Re: [PATCH] commit-graph: disable GIT_COMMIT_GRAPH_PARANOIA by default

Jeff King <peff@xxxxxxxx> · Wed, 6 Dec 2023 14:49:52 -0500

On Wed, Nov 15, 2023 at 02:35:16PM +0100, Patrick Steinhardt wrote:

> > > Just to make sure we do not miscommunicate, I do not think we want
> > > to trigger the paranoia mode only in our tests.  We want to be
> > > paranoid to help real users who used "--missing" for their real use,
> > > so enabling PARANOIA in the test script is a wrong approach.  We
> > > should enable it inside "rev-list --missing" codepath.
> > 
> > Yeah. Just like we auto-enabled GIT_REF_PARANOIA for git-gc, etc, I
> > think we should do the same here.
> 
> I'm honestly still torn on this one. There are two cases that I can
> think of where missing objects would be benign and where one wants to
> use `git rev-list --missing`:
> 
>     - Repositories with promisor remotes, to find the boundary of where
>       we need to fetch new objects.
> 
>     - Quarantine directories where you only intend to list new objects
>       or find the boundary.
> 
> And in neither of those cases I can see a path for how the commit-graph
> would contain such missing commits when using regular tooling to perform
> repository maintenance.

Sorry for being unclear (and for the very slow response!). What I meant
by "here" was not "rev-list --missing" in particular, but rather that
"here" is "GIT_COMMIT_GRAPH_PARANOIA". And like GIT_REF_PARANOIA, we
should make sure it is turned on when checking for repository
corruption.

So specifically I meant that turning it off should:

  1. Not cause us to miss corruption with fsck.

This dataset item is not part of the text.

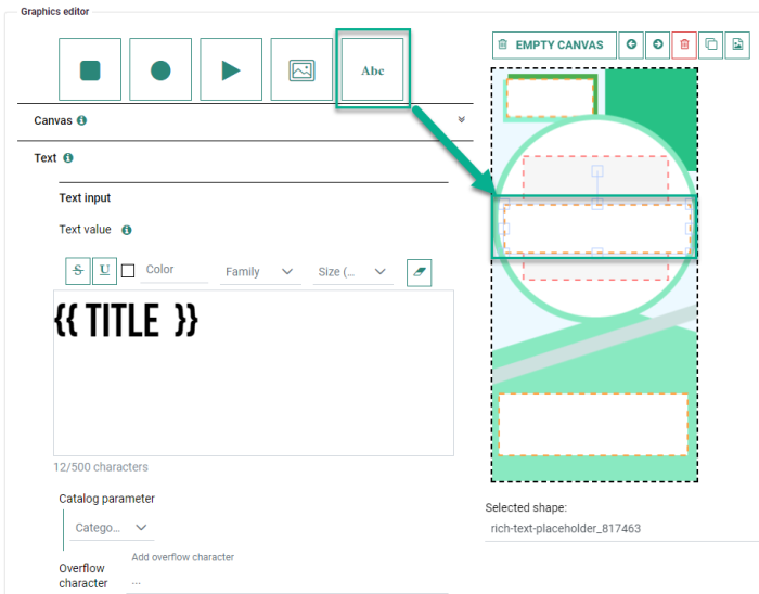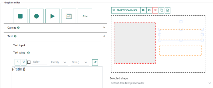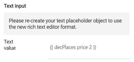 (1) Note: The initial version of the Email Graphics Editor had a simple text editor. Because there's a rich text editor now, previously created text-placeholders now notify you to re-create them, so they're usable as rich text in the updated text editor.
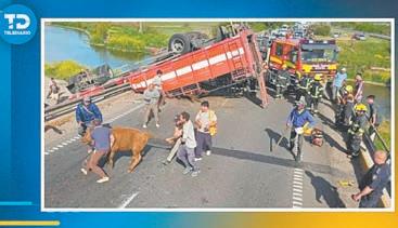 SE VUELCA UN CAMIÓN CON VACAS Y VECINOS LAS ROBAN

  2. Not cause us to make corruption worse during a destructive repack
     (e.g., "repack -ad").

  3. Not admit corruption into the repository by fooling the rev-list
     invocation for check_connected().

I don't think the third one uses --missing at all, but even if it did,
the interesting thing to me is not "--missing", but rather that the
caller knows it is doing a corruption check. So it would set the
environment variable itself.

So in your loosening patch, I would have expected to see a couple of
those cases overriding the new "default to off" behavior. But it may be
that they are not necessary (e.g., I think fsck may turn off the commit
graph entirely already).

> So I'm still not sure why we think that this case is so much more
> special than others. If a user wants to check for repository corruption
> the tool shouldn't be `git rev-list --missing`, but git-fsck(1). To me,
> the former is only useful in very specific circumstances where the user
> knows what they are doing, and in none of the usecases I can think of
> should we have a stale commit-graph _unless_ we have actual repository
> corruption.
> 
> In reverse, to me this means that `--missing` is no more special than
> any of the other low-level tooling, where our stance seems to be "We
> assume that the repository is not corrupt". In that spirit, I'd argue
> that the same default value should apply here as for all the other
> cases.

Yeah, I think we are on the same page here. The need for paranoia is
really in the eyes of the caller, because only they know how careful
they want the operation to be.

> Oh, well. I'll wait for answers to this reply until tomorrow, and if I
> still haven't been able to convince anybody then I'll assume it's just
> me and adapt accordingly :)

Sorry, better late than never. ;)

-Peff